'Some elements of Afghan government may be backing Tehkreek-e-Taliban'

Published: August 5, 2012
Some of elements (of Afghan govt) are supporters. Maybe state actors, maybe non-state actors, says Rehman Malik. PHOTO: FILE

Some of elements (of Afghan govt) are supporters. Maybe state actors, maybe non-state actors, says Rehman Malik. PHOTO: FILE

ISLAMABAD: Interior Minister Rehman Malik has said elements of the Afghan government are likely supporting a senior leader of Tehkreek-e-Taliban Pakistan who is fighting to topple the Islamabad government, accusations which could further raise tensions over cross-border raids by militants.

Pakistani officials say the Taliban commander known as Fazlullah has been orchestrating raids on Pakistani security forces from Afghanistan, where he fled several years ago after a Pakistani army offensive against his stronghold in the Swat Valley.

Pakistan has repeatedly called on Afghanistan to hunt down Fazlullah, whose fighters cross the border in their hundreds, set up ambushes and attack army checkpoints.

“If somebody is living in somebody’s house and you ask him ‘who is giving you food, who is giving you all this shelter?’ You know he is in Afghanistan,” Malik told Reuters in a weekend interview.

“I think some of the elements (of the Afghan government) there are supporters. Maybe state actors, maybe non-state actors.”

Afghan officials see Pakistan’s suggestion that Afghans are supporting cross-border attacks as an attempt to distract attention from what they say is Pakistan’s long history of supporting Afghanistan’s Taliban movement and other insurgent factions.

US and Afghan officials say there is no comparison between the relatively small and recent presence of Fazlullah’s men in eastern Afghanistan and what they describe as long-standing ties between elements of Pakistani intelligence and the Afghan Taliban.

Pakistan’s intelligence agencies backed the emergence of Afghanistan’s Taliban movement in the mid-1990s and Western officials believe that parts of the security establishment continue to tolerate or actively abet Afghan insurgents.

Malik provided no evidence to support his assertion that elements within Afghanistan were supporting Fazlullah, nor did he give further details.

“These comments made by the Pakistani Interior Minister are irresponsible and a baseless allegation,” said Afghan Interior Ministry spokesman Sediq Sediqqi.

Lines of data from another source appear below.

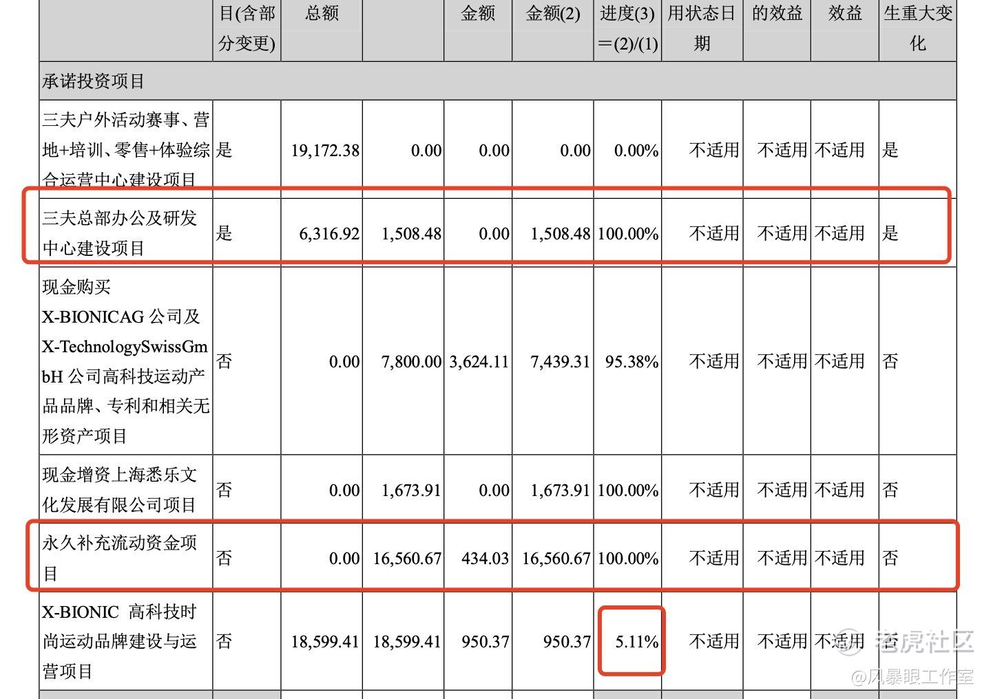 然而,这次募集到的资金,三夫户外只按原计划买了三夫总部办公及研发中心几栋房屋,而原定的运营中心建设项目并未落地,所得募集资金在闲置一段时间买理财之后,在2020年8月变更为“现金购买X-BIONIC AG公司及X-Technology Swiss GmbH公司高科技运动产品品牌、专利和相关无形资产项目”以及“现金增资上海悉乐文化发展有限公司项目”,剩余募集资金永久补充公司流动资金。2021年11月,三夫户外将剩余434.03万元募集资金永久补充流动资金。
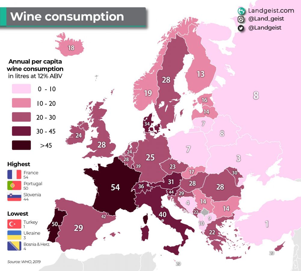 Avrupa'nın en büyük şarap tüketicisi konumunda, yıllık kişi başına 54 litre şarapla Fransa bulunuyor. Fransa'nın hemen arkasında 50 litre ile Portekiz var. Üçüncü sırada ise 44 litre ile Slovenya yer alıyor. Güney Avrupa'nın en büyük şarap tüketicisi olduğunu açıkça görülebiliyor.
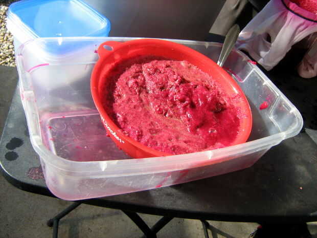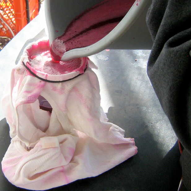 He guardado el residuo de este paso y examinó. Es una mezcla muy fina, parece lo suficientemente bueno para comer, pero no por favor; contiene muchos pedacitos muy pequeños de espina y glouchids. Por lo que sólo se agrega a la materia en el dibujo, para gotear durante la noche y hacer el jugo más podemos filtrar y terminar más tarde.
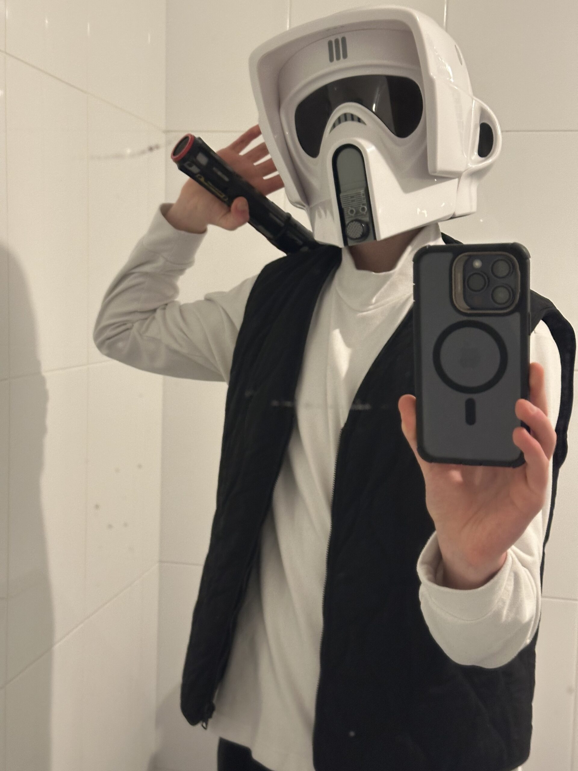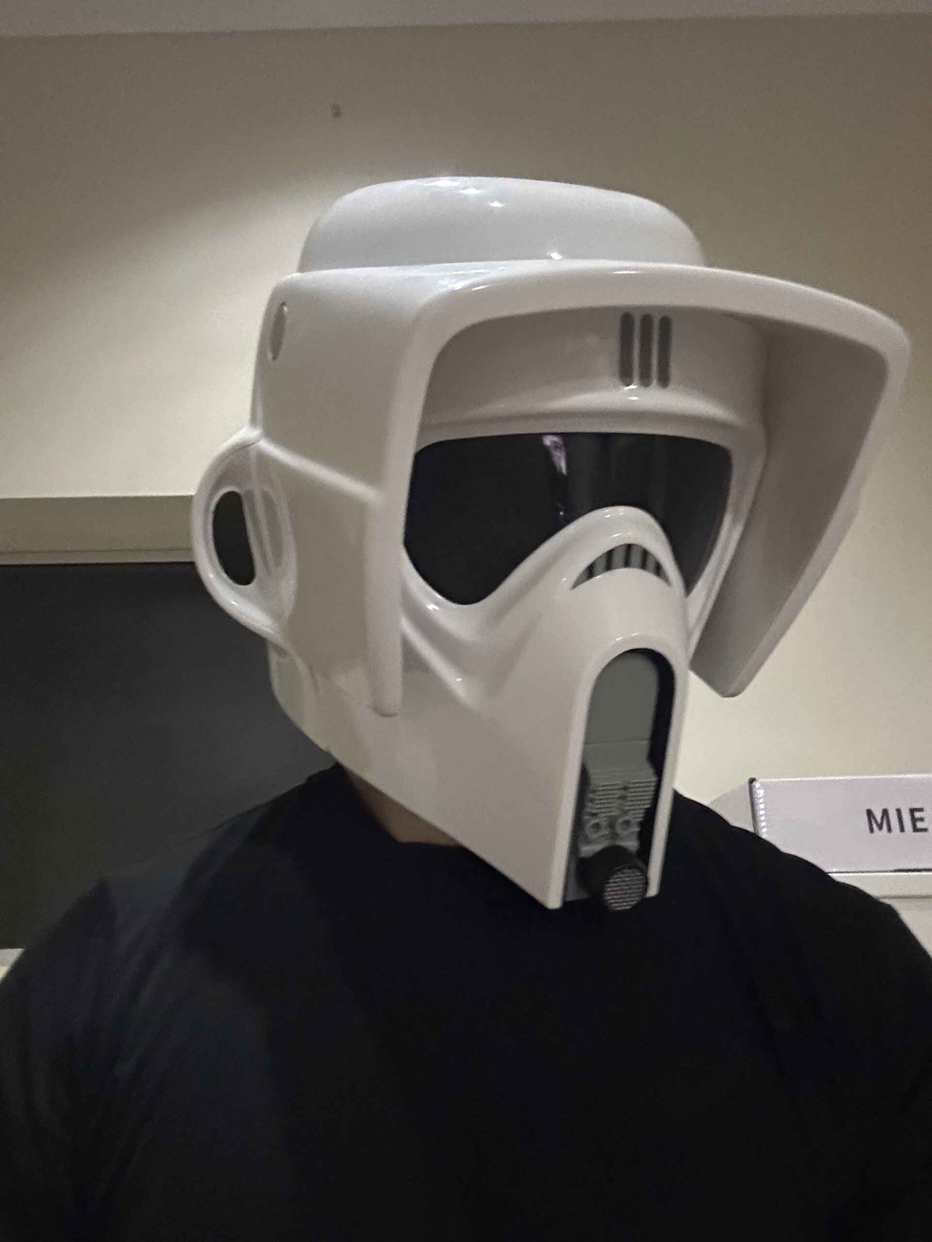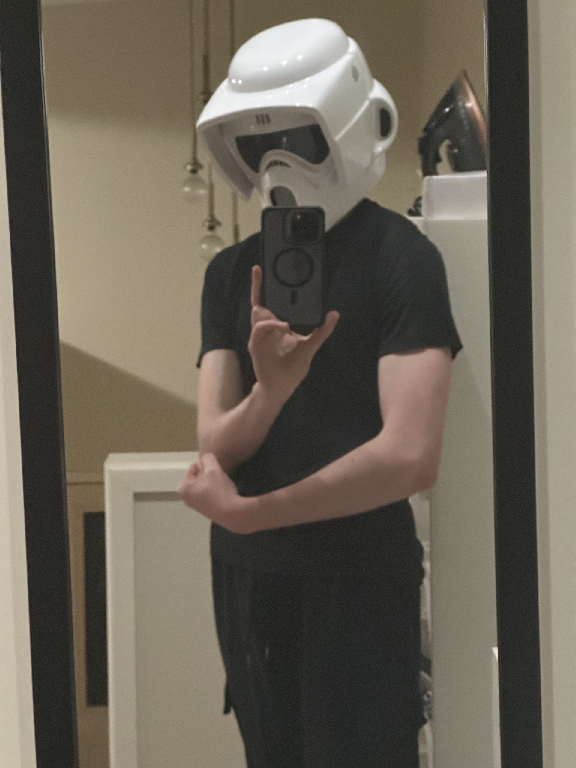 On the topic of Star Wars, I think that learning how to swing around a lightsaber would be pretty cool (just as a thing to do and practice). OOOO! I also have a helmet. It’s an Imperial Scout Trooper helmet that I bought in 2023 for a school event. I can still remember how nervous I was when I showed up in the scout trooper helmet. The event was just a dress-up event for school, “dress up in a costume from someone that starts with the same first letter as your name”. Originally I wanted to get an Inquisitor helmet before realising “oh shet… they don’t really sell those uhhh… anywhere…” so I went to the place that sold the helmets (I forgot the store name tbh) and looked at the helmets there. There was a Darth Vader helmet, a Mandolorian Helmet (which I wanted so badly), a Bo-Katan helmet, a Scout Trooper helmet, and a Rebel X-Wing pilot helmet. I thought about my options before me and said to myself “I could just call myself an IMPERIAL scout trooper hehehe”. But on the actual day I got so nervous I just made up some lie about some stormtrooper called “Ivan”. like bro, my brain shutdown that day because idk?? I was just really shy when I was in Highschool. Sometimes I was super happy and outgoing but that was only when I was in a super duper good mood, otherwise I was more conserved. and DEFINITELY a lot more quiet.

“Afghanistan has been under attacks from safe havens of insurgents inside Pakistan, and we are quite sure that Mullah Fazlullah is somewhere in Pakistan.”

Trading accusations

Fazlullah and other militant leaders based along the frontier complicate US efforts to stabilise the region before most Nato combat troops withdraw from Afghanistan by the end of 2014.

The issue has strained ties between Islamabad and Kabul.

Afghanistan has long accused Pakistan of backing militants said to be based on its soil who cross the border to attack Afghan and Nato forces, including the Haqqani network, blamed for a series of high-profile attacks on Kabul.

Islamabad denies the allegations.

Pakistan’s reluctance to bow to US pressure to take tougher action against sanctuaries used by Haqqani insurgents and other Afghan fighters has been one of the major reasons for a sharp deterioration in relations with Washington.

Afghan President Hamid Karzai said on Sunday he accepted parliament’s decision to dismiss the country’s two top security ministers for failing to stop cross-border shelling blamed on Pakistan, in what could be a blow to Nato plans to hand over security responsibilities to Afghan forces.

The fractious parliament voted on Saturday to remove Defence Minister Abdul Rahim Wardak and Interior Minister Bismillah Mohammadi over a series of recent insurgent assassinations of top officials, as well as the cross-border fire incidents that infuriate many Afghan voters as well as politicians.

Afghanistan has rushed additional troops and artillery to the mountainous border with Pakistan as tensions continue to rise over cross-border shelling which Afghan officials blame on Pakistan’s powerful military.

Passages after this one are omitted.